La lenteur étant instaurée, les pistes qui ne suivent pas ce schéma sont malheureusement moins convaincantes. C'est le constat que l'on tire en écoutant les 9 compositions présentes sur l'opus, dont une est bien moins réussie que les autres. « Black Stars in a Blue Sky » pêche par son côté quasi-entraînant qui se dénote, et trop, l'exercice n'est pas très bien réussi et semble presque faire office d'un décalage trop grand. Le reste forme un tout cohérent, solide et efficace, propice à nous faire entrer dans l'univers d'Autumn. Et dans cet opus, on compte trois perles de magie. La première, c'est la piste éponyme « Cold Comfort », pièce subtile et émouvante qui ne laissera pas indifférent. Que l'on aime ou non, le morceau tient dignement la route. On pourrait dire la même chose d'« Alloy », plus chargée en émotions que l'album du même nom du projet d'Amanda Somerville. Trêve de plaisanteries (ou pas), qu'est-ce que ce morceau possède ? Une certaine monotonie … dans le sens où tout semble être pareil. Alors on se dit « qu'est-ce que c'est ennuyeux », mais lorsque l'on tend l'oreille, ça ne l'est pas, et même pas du tout. Cette sensation langoureuse et délicate vient nous titiller peu à peu pour qu'on ne puisse plus se détacher du morceau, d'autant plus que Marjan nous offre une prestation absolument remarquable ! « Naeon » joue sur les contrastes et s'en sort très bien aussi, son écoute sera appréciée par les amateurs du genre. A la fois aérienne et lourde, elle nous emporte dans un monde gris et maussade, où l'on jurerait entendre un spectre.
Et tirons notre chapeau à Autumn pour sa prise de risque. Dans une industrie musicale, même dans le monde du « metal à chanteuse », où une majorité de formations tente de faire du simple, du direct et de l'efficace pour finir comme bête produit à consommer, les néerlandais prennent la tendance opposée.

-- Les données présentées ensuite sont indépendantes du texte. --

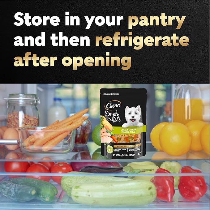 - Resealable Packaging: This Cesar Simply Crafted Wet Dog Food Complement is packaged in a resealable pouch to help keep it fresh and easy to refrigerate after opening
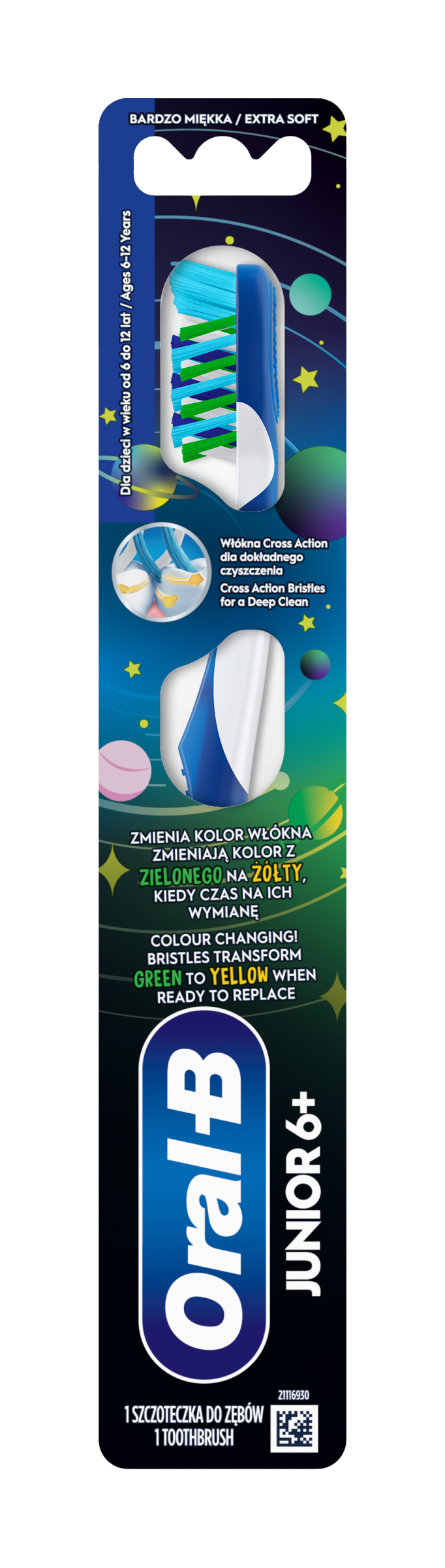 S kartáčkem ORAL-B JUNIOR 6+ si uděláte z čištění zubů neobvyklé dobrodružství. Tento manuální kartáček je určen pro děti ve věku 6–12 let a čistí mléčné i trvalé zuby. Má vlákna CrissCross, která odstraňují zubní plak i z těžko přístupných míst. Vestavěná část na čištění jazyka odstraňuje bakterie z jazyka a sliznice tváří a inovativní technologie změny barvy vás upozorní, kdy je třeba kartáček vyměnit.
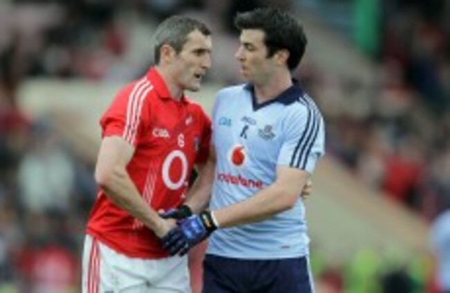 Cork's Graham Canty with Michael Darragh MacAuley of Dublin at the end of the game. INPHO/Donall Farmer
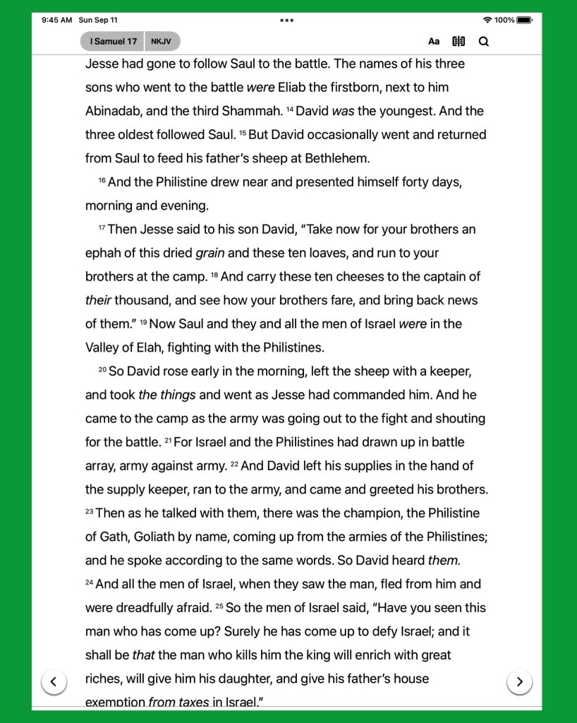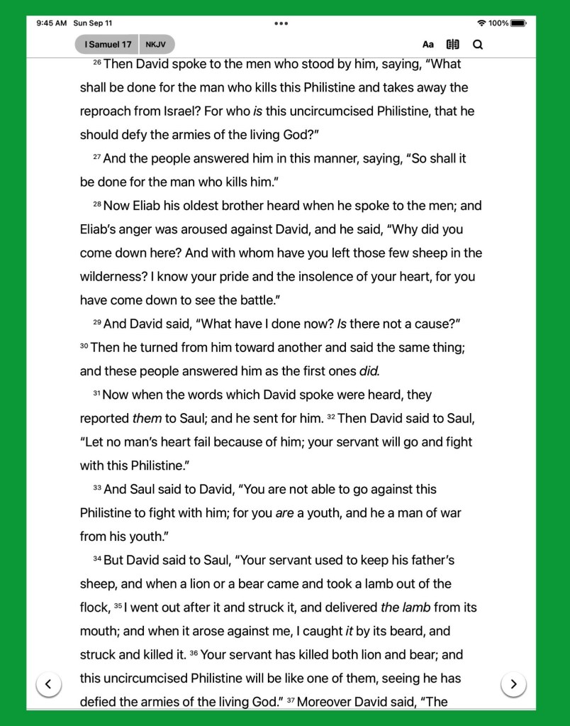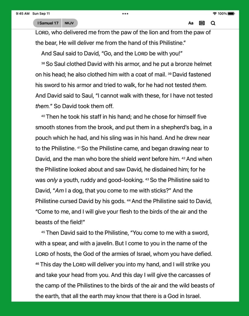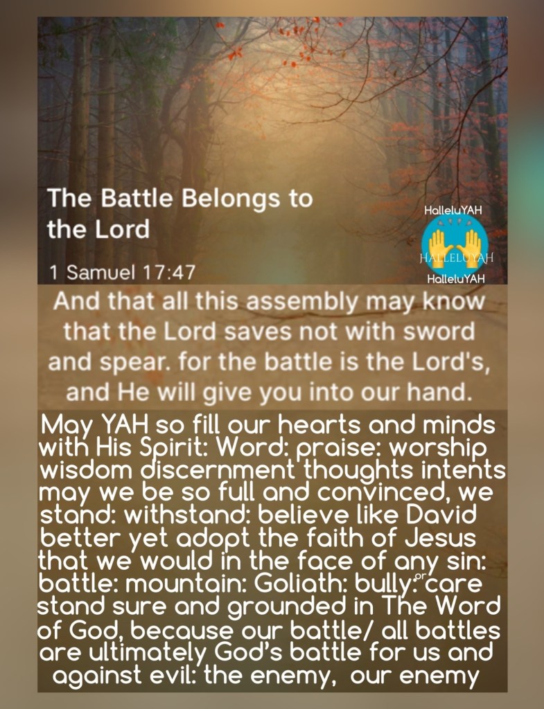 And all this assembly shall know that the LORD saveth not with sword and spear: for the battle is the LORD’S, and he will give you into our hands. 1 Samuel 17:47

Imaginez donc une musique difficile d'accès, passant aux premières heures pour une simple musique de fond, que l'on écoute d'une oreille distraite, presque absente. Grossière erreur, car cela signifie que l'on passe à côté de superbes choses. Chaque élément mérite d'être découvert, et si les moins patients abandonneront vite et catalogueront ce Cold Comfort de chiant et insipide, les autres en découvriront les splendeurs. L'ennui y est absent, la beauté omniprésente et le spleen oppressant. Un de ces brûlots qui vous tiendra compagnie dans la tristesse et les moments moins agréables.
Subtil, difficile et sombre, ce Cold Comfort va demander un certain temps à s'apprivoiser, là où les autres opus d'Autumn sont plus facilement assimilables. Mais le groupe en provenance des Pays-Bas nous livre ici ni plus ni moins que son meilleur effort, et quel brûlot ! S'imprégner de telles ambiances demande du temps, et c'est ce dernier qu'il va falloir trouver pour s'évader un peu et entrer dans l'univers du groupe, qui n'est pas commun, c'est certain. Voilà donc un brûlot, mais également un combo sur lequel il faut se pencher au risque de rater quelque chose. Belle réussite.